Il suffit parfois d’un geste banal pour mesurer à quel point la cybersécurité est devenue invisible. Déverrouiller son téléphone, valider un paiement sans contact, se connecter à un service public ou recevoir un code d’authentification : en quelques secondes, une infrastructure complexe travaille en arrière-plan. À Gémenos, près d’Aubagne dans les Bouches-du-Rhône, le site historique de Gemalto participe précisément à cette mécanique discrète.
Depuis l’acquisition de Gemalto par Thales en 2019, le site s’inscrit dans la stratégie de Thales Digital Identity and Security. Son rôle dépasse largement la fabrication de cartes à puce. Il concerne désormais un ensemble de technologies dédiées à l’identité numérique, aux communications mobiles, aux paiements sécurisés et à la protection des objets connectés. Un terrain devenu stratégique, alors que les usages numériques se multiplient et que les cyberattaques ciblent aussi bien les entreprises que les particuliers.

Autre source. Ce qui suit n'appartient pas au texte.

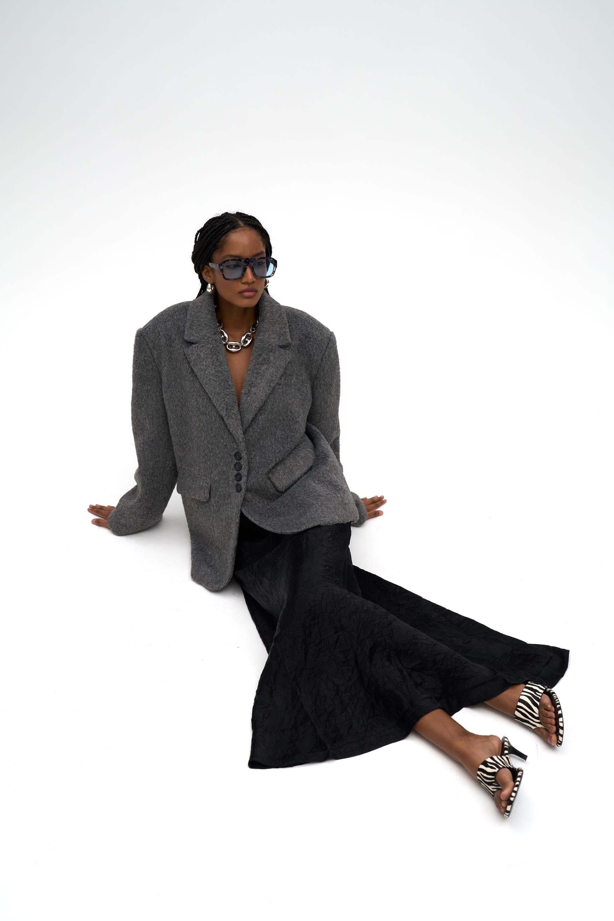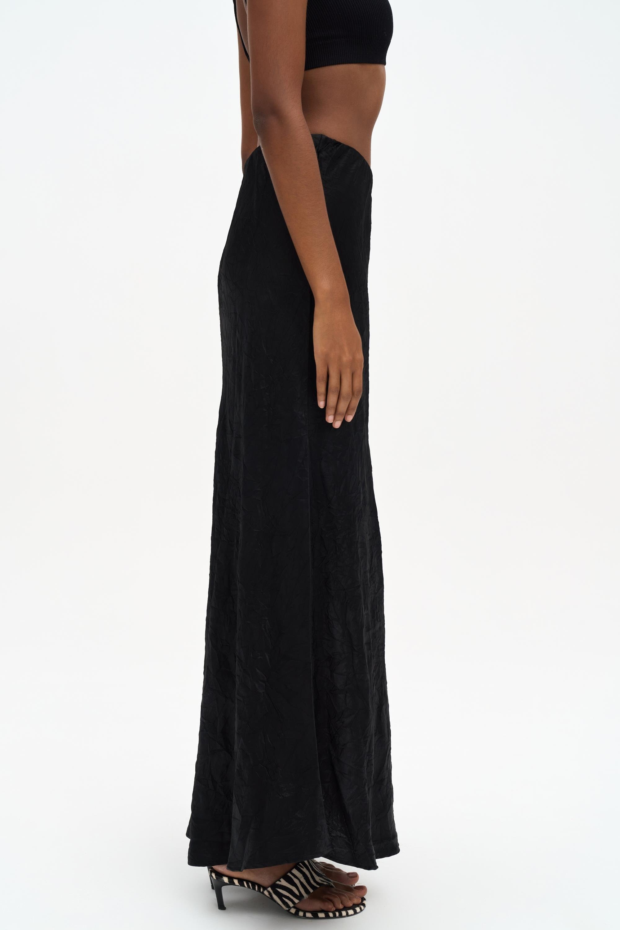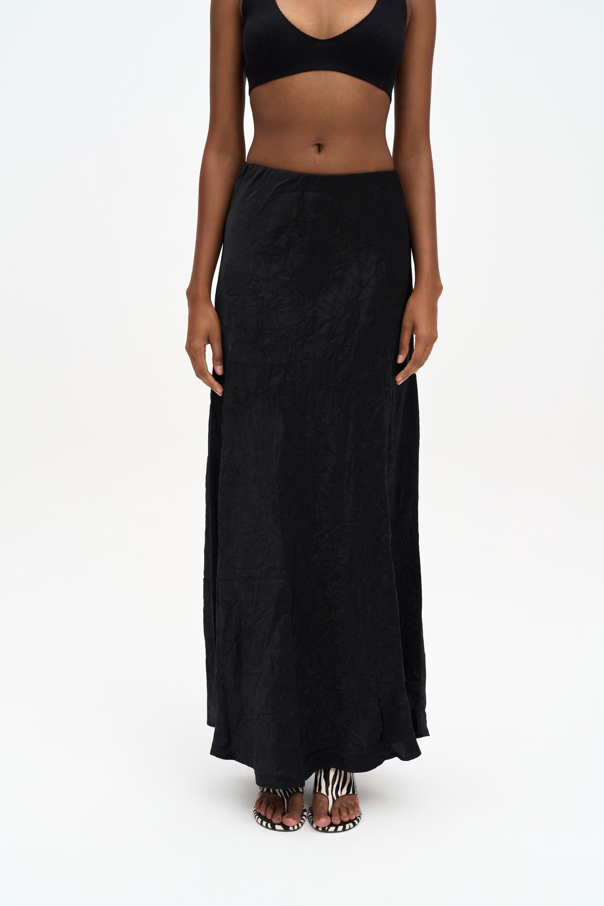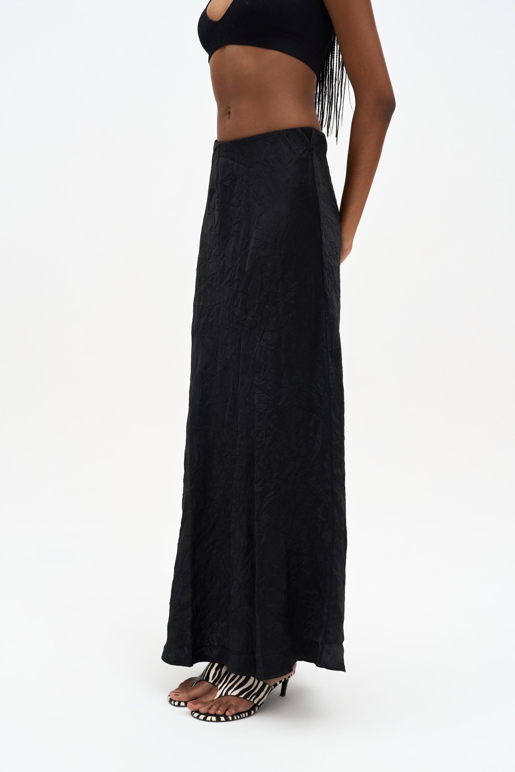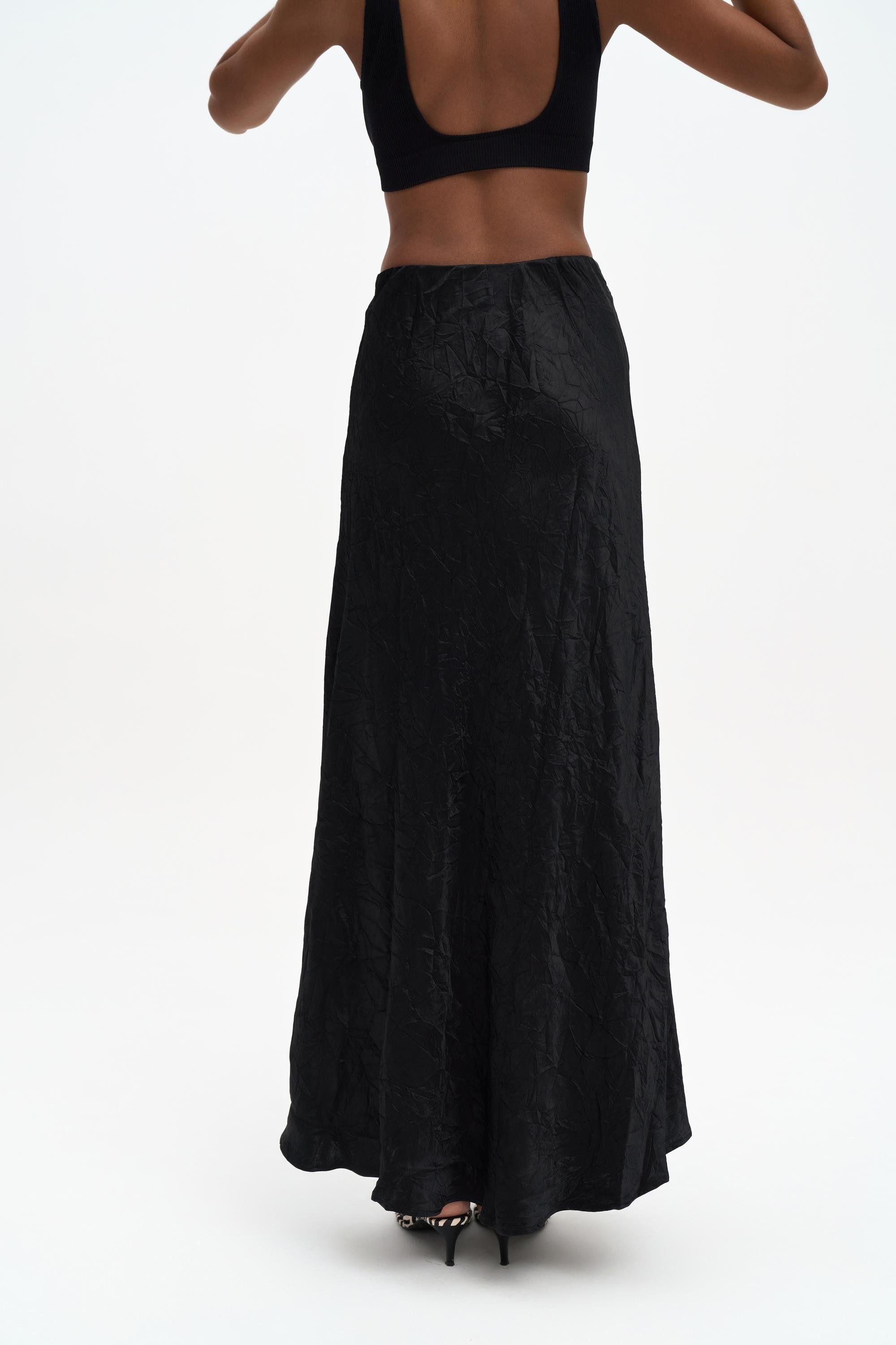 Eubah Kırışık Uzun Siyah Saten Etek (8684923028871)
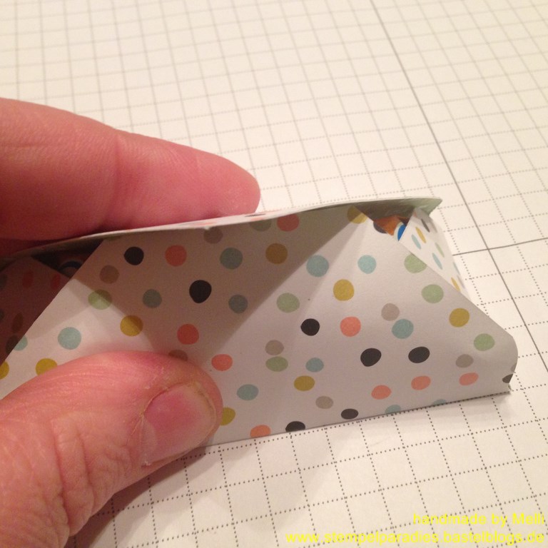 Jetzt alle Falzen knicken, und drei Küsschen oder ähnliches einlegen und die Seiten einschlagen

Gémenos, un site industriel au cœur de l’identité numérique
Gemalto est un nom bien connu dans l’histoire de la carte à puce. L’entreprise a accompagné l’essor des cartes SIM, des cartes bancaires sécurisées et des documents d’identité électroniques. Son intégration au groupe Thales a donné une nouvelle dimension à ces activités, en les reliant à des domaines comme la cybersécurité, l’aéronautique, la défense et les infrastructures critiques.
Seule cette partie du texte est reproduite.